NATO must share burden fairly, adapt to confront extremism & terrorism, US and Germany agree
Washington has reassured Germany that NATO will remain the backbone of European defense if members contribute to the cost of running the bloc. The alliance however should adapt to confront the real growing threats of violent extremism and terrorism.
The White House voiced support for NATO’s stability during the meeting between Vice President Mike Pence and German Vice Chancellor and Minister of Foreign Affairs Sigmar Gabriel.
“The Vice President and Minister Gabriel... agreed on NATO’s centrality in ensuring the security and stability of North America and Europe,” the Office of the Vice President said in a statement following the meeting.
Honored to welcome German Vice Chancellor & Min. for Foreign Affairs Gabriel to the White House today to discuss NATO & transatlantic ties pic.twitter.com/w0Zvfz7rII— Vice President Pence (@VP) February 2, 2017
NATO must adapt to confront threats such as “violent extremism and terrorism,” both Pence and Gabriel agreed.
The politicians reaffirmed that “all NATO allies must meet their obligations and contribute their fair share to our collective security,” the statement added.
During his campaign, Donald Trump repeatedly criticized NATO, calling the organization “obsolete.” Trump also suggested the US might not come to the aid of an ally which did not meet the spending target of defense expenditure at two percent of GDP.
But just four European members of NATO – UK, Poland, Estonia and Greece – are meeting their contribution mandate.
Pence message to Gabriel echoed Trump’s remarks during a phone call with Angela Merkel last weekend.
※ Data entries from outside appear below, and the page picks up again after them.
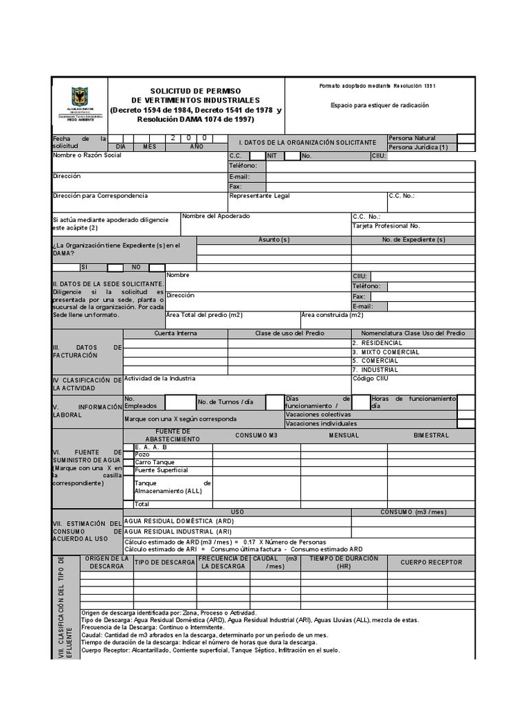 SOLICITUD DE PERMISO DE VERTIMIENTOS INDUSTRIALES (Decreto 1594 de 1984, Decreto 1541 de 1978 y Resolucin DAMA 1074 de 1997)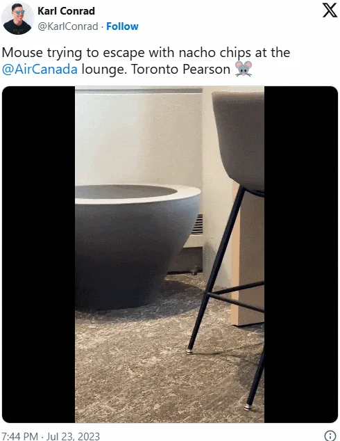 其实不仅仅是温哥华国际机场,多伦多皮尔逊机场也曾曝过“鼠患”。早在2023年,就有多伦多网友分享过一段视频:在加航的休息室,有一只老鼠抱着一个玉米片,正在寻找回家的洞口...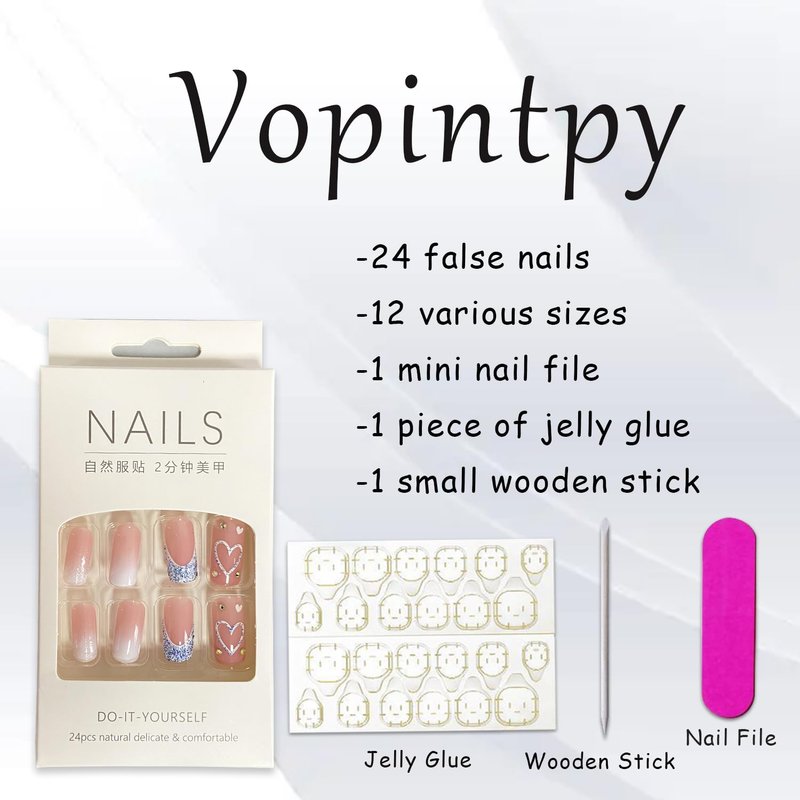 - 【Package & DIY Nails】You'll get 24 false nails in 12 sizes. 1 mini nail file, 1 small wooden stick, 1 piece of adhesive tab glue. You can safely choose a fake nail that fits your finger size and DIY your desired nail shape.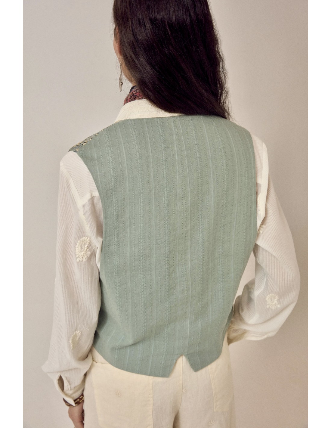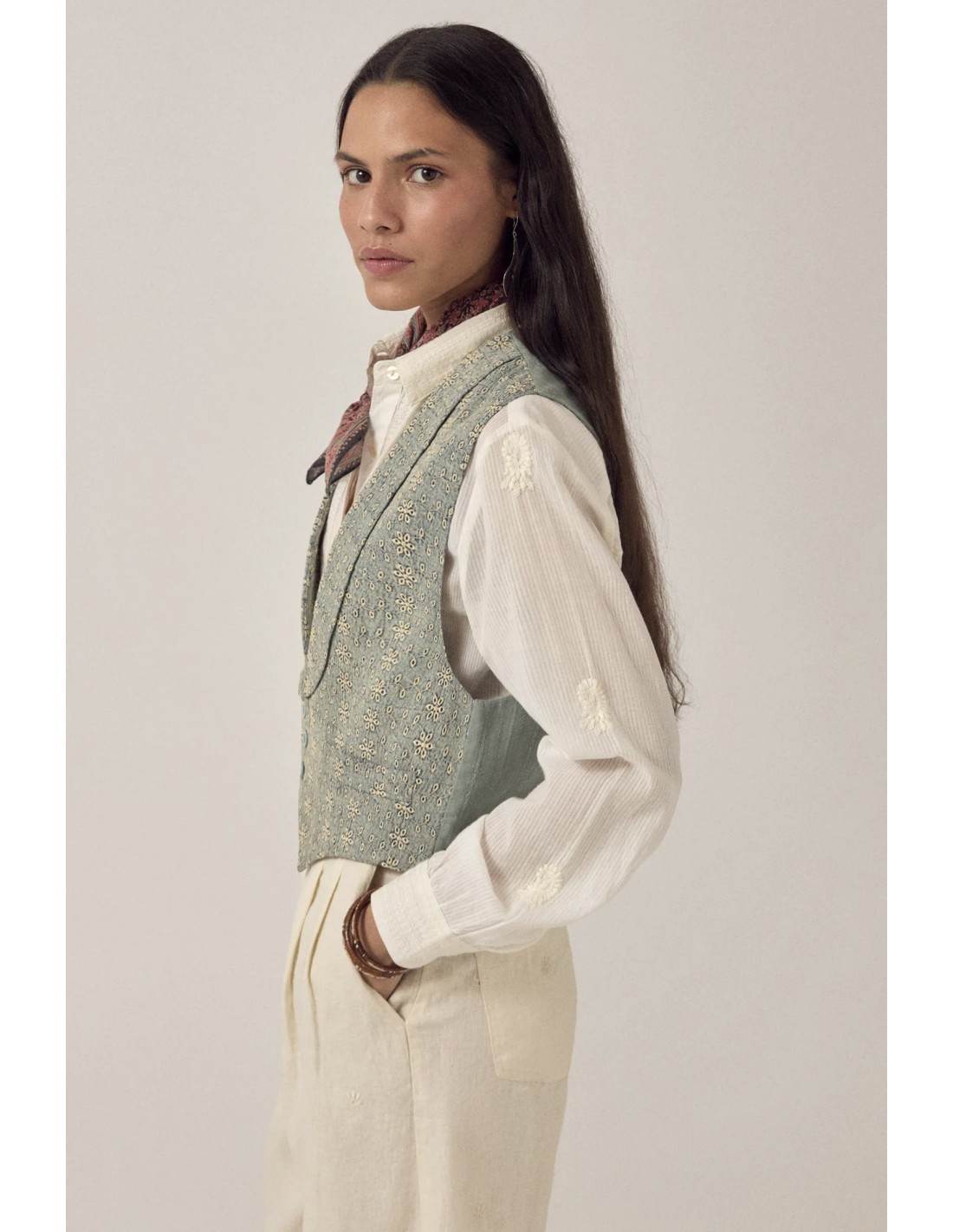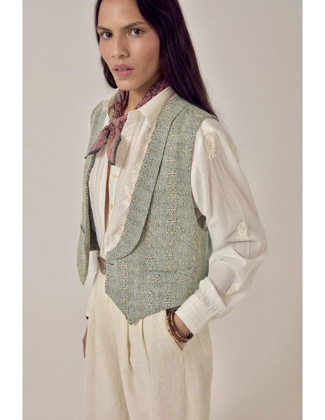 Misma construcción que la versión Shell: chaleco de corte masculino en sarga de algodón bordada. Cuello en V con solapas anchas y pronunciadas. Tres botones metálicos, dos bolsillos pequeños en la cintura. Patrón de ojales bordados en toda la prenda. Corte entallado con hombros estructurados.

During that conversation, both Trump and the Chancellor agreed on the “fundamental importance” of the NATO alliance and the need for all members to pay their fair share.
In a face to face meeting with the UK’s Prime Minister Theresa May last week, the 45th US president has also reaffirmed his commitment to the alliance if its members meet the contribution quotas.
May now plans to persuade other EU leaders to pay for their European security in full when she meets the block’s leaders in Malta for an informal summit on Friday.
Trump‘s guarantee and the “recognition of NATO as the bulwark of our collective defence” reflect the importance of strong cooperation on defense and security, May‘s office said Thursday, adding that she will encourage other leaders to “deliver on their commitments” to NATO to spend two percent of their GDP on defense, “so that the burden is more fairly shared.”